SN Vinod, a senior journalist from Nagpur, thinks the RSS has been taking an all-inclusive line because it does not want the Modi-Amit Shah duo to come back to power again.
"The RSS and Bhagwat know that Modi, if elected PM again with a comfortable majority, will try to bulldoze the RSS. He will make sure that his man becomes the RSS chief. But the RSS has shown, from time to time, what it could do when it does not agree with its own political wing. The massive defeat of the BJP in Delhi and Bihar elections, despite an extensive campaign by the PM and Shah, showed how the RSS asserts itself. They want the BJP now but not the Modi-Shah duo anymore. They would be happy to see a BJP-led coalition government after the next election because that would mean someone other than Modi will be the PM," he said.
Vinod added that Bhagwat and the RSS are trying to get rid of the "communal" label now. One reason for this, he said, is the fear of a possible repeat of 2004, when the Congress-led United Progressive Alliance defeated the National Democratic Alliance to come to power, two years after the communal riots in Gujarat.
"But they are more scared of Modi becoming the PM again. Because Modi's next target will be the RSS. Also, Rahul Gandhi has grown in stature despite a vilification campaign against him and he is continuously targeting the RSS. Bhagwat is the first RSS chief to denounce Hedgewar's (KB Hedgewar, the first RSS chief) and Golwalkar's (MS Golwalkar, the second RSS chief) ideas from a public platform. It shows the RSS desperately wants an image makeover," Vinod said.
RSS has been betraying some unease over Congress president Gandhi's growing acceptability.
Earlier this year, it invited senior Congress leader and former Indian President Pranab Mukherjee for a programme in Nagpur. RSS sources had told HuffPost India in September that Bhagwat's unprecedented three-day event was in response to efforts by parties including the Congress to paint it as divisive and dangerous. Bhagwat and Manmohan Vaidya have repeatedly issued statements over the past six months that the Sangh does not entertain the idea of a "Congress-mukt Bharat", a slogan given by BJP president Amit Shah.

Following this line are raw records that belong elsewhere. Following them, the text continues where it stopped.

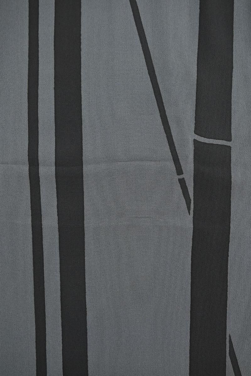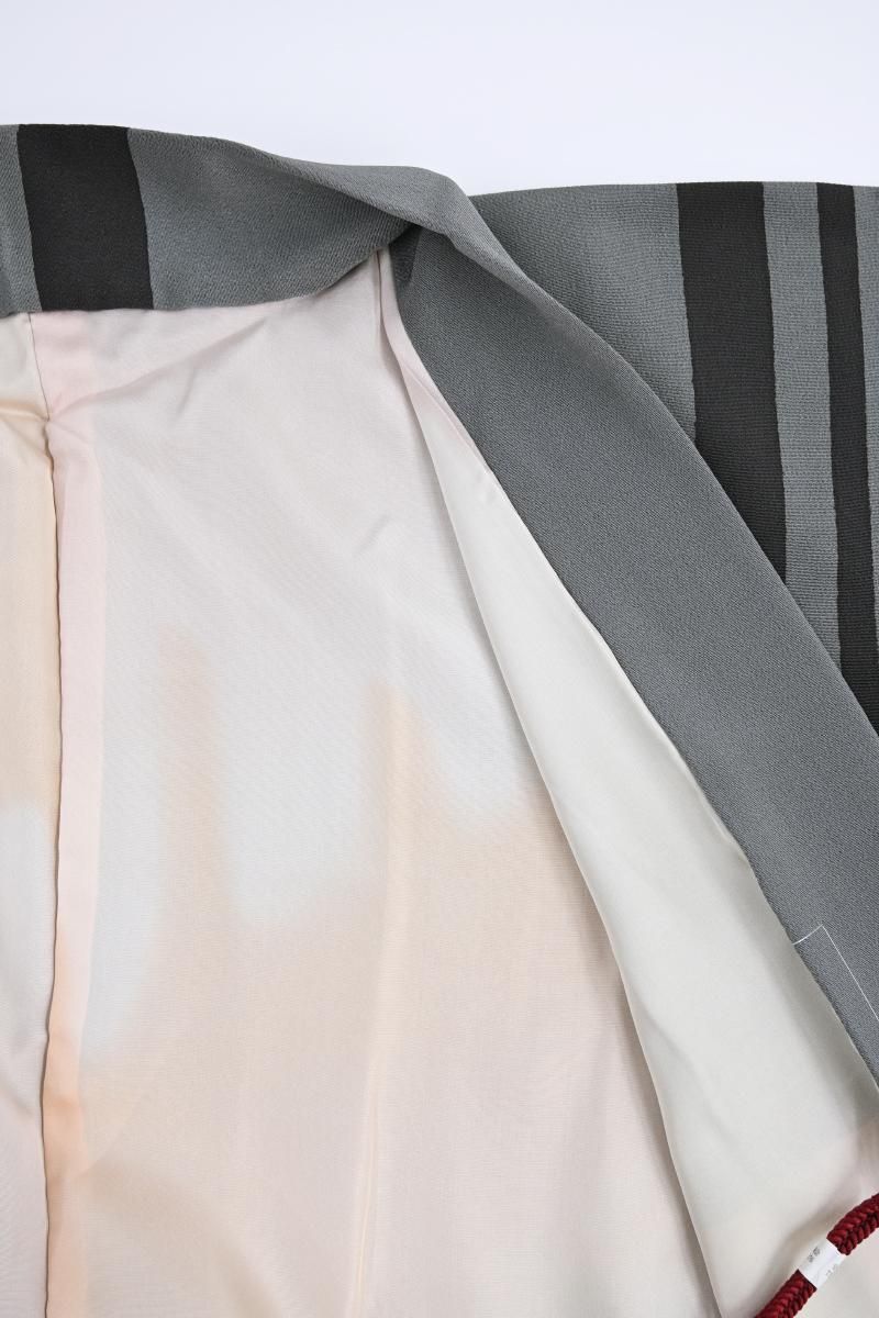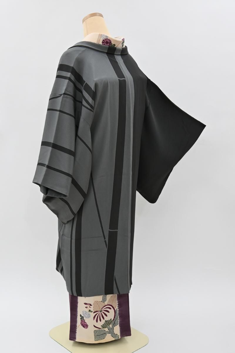 竹の図を配した僅かに青みを含んだグレーと、黒に近いほどごく深いグレーの片身替わりの羽織です。ふっくらとシボを帯びた縮緬地に、ぐっとシックな彩りでシンプルに表されたモチーフがモダンな印象の一枚、紬や小紋に合わせてきりりと小粋な装いをお楽しみいただけそうですね。防寒や塵除けとしてこれからの季節に必須の羽織もの、この機会にぜひ洒落みある一枚をいかがでしょうか。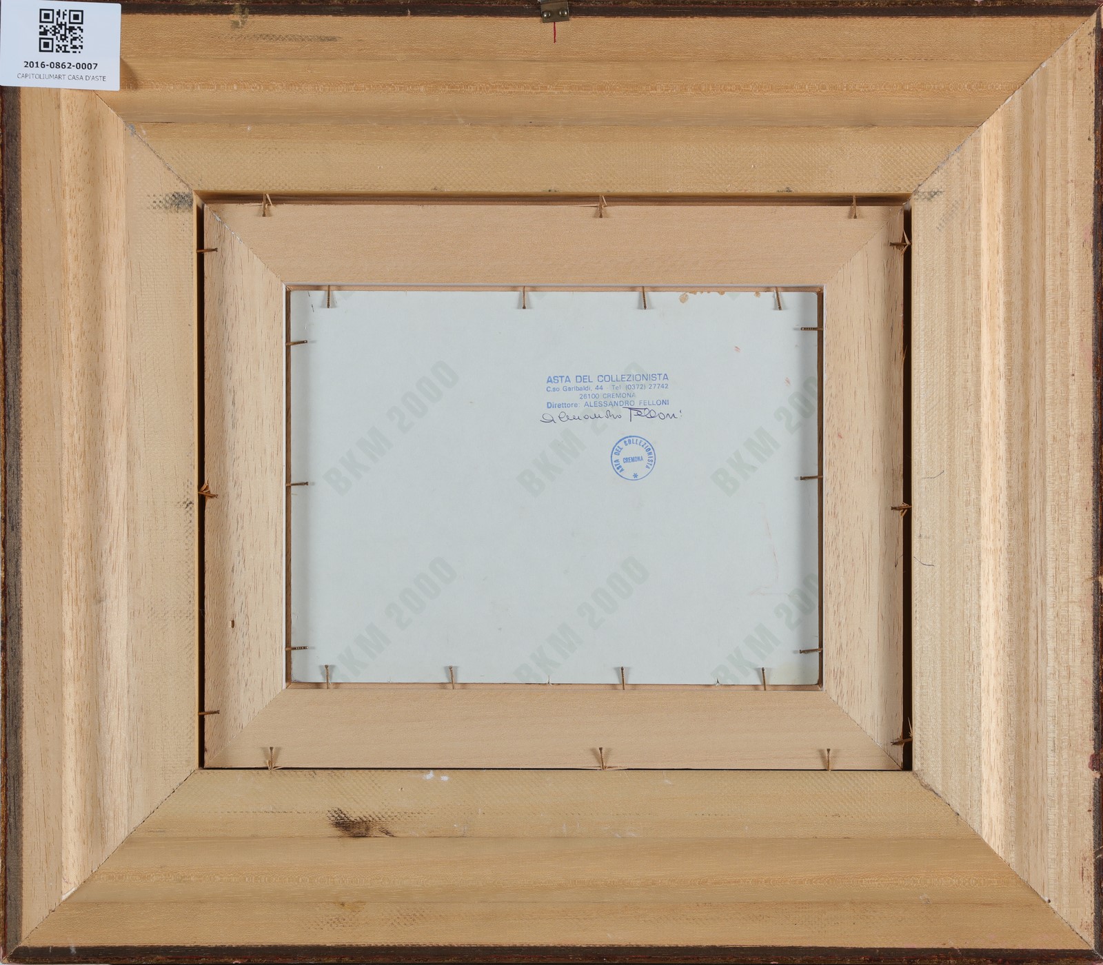 GONZAGA GIOVAN FRANCESCO (1921 - 2007) Riding on the beach. Mixed media on card. Cm 24,00 x 18,50. Signature lower right. Cremona Collector Auction stamp at the back. Cornice presente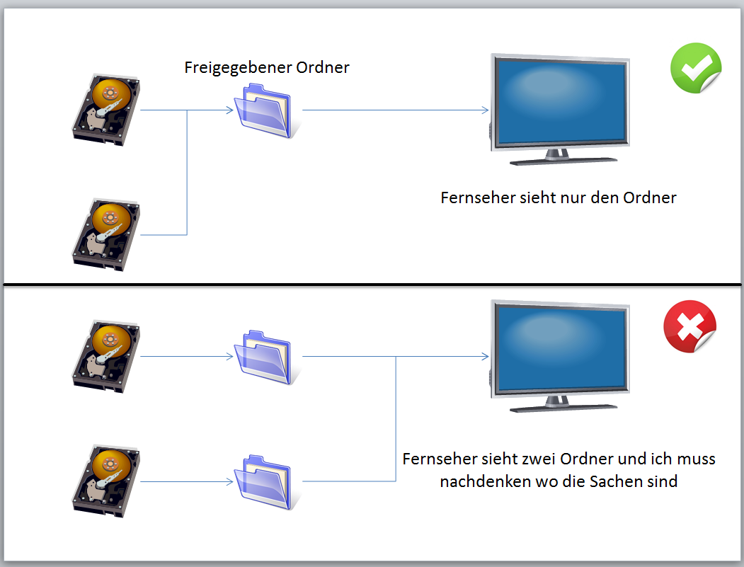 Du gibst Festplatte1 und Festplatte 2 frei, auf beiden befindet sich ein Ordner HDTV, dann sieht meine Glotze nur den Ordner HDTV aber mit den Inhalten aus beiden Festplatten.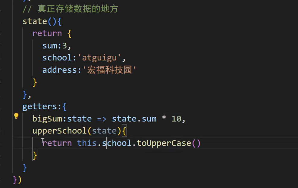 export const useCounterStore = defineStore('counter', {state: () => ({ count: 0 }),getters: {// 1. 常规函数写法,通过 `this` 访问 statedoubleCount: (state) => state.count * 2,// 2. 使用 `this` 访问其他 getters (必须用常规函数而非箭头函数)doubleCountPlusOne() {return this.doubleCount + 1}}

In an article published in various newspapers on Wednesday, Manmohan Vaidya again stressed on Bhagwat's inclusivity line and claimed that open discussion on a spectrum of ideas is an intrinsic part of the RSS.
"Vested interests have been portraying the Sangh as a closed organization because it suits their agenda...Welcoming new ideas is the norm in the Sangh...Open outreach is the mainstay of the work RSS office bearers do...," Vaidya wrote in The Indian Express.
Bhagwat's speech on Thursday could send a message to the Sangh Parivar on what the RSS thinks of the Modi government.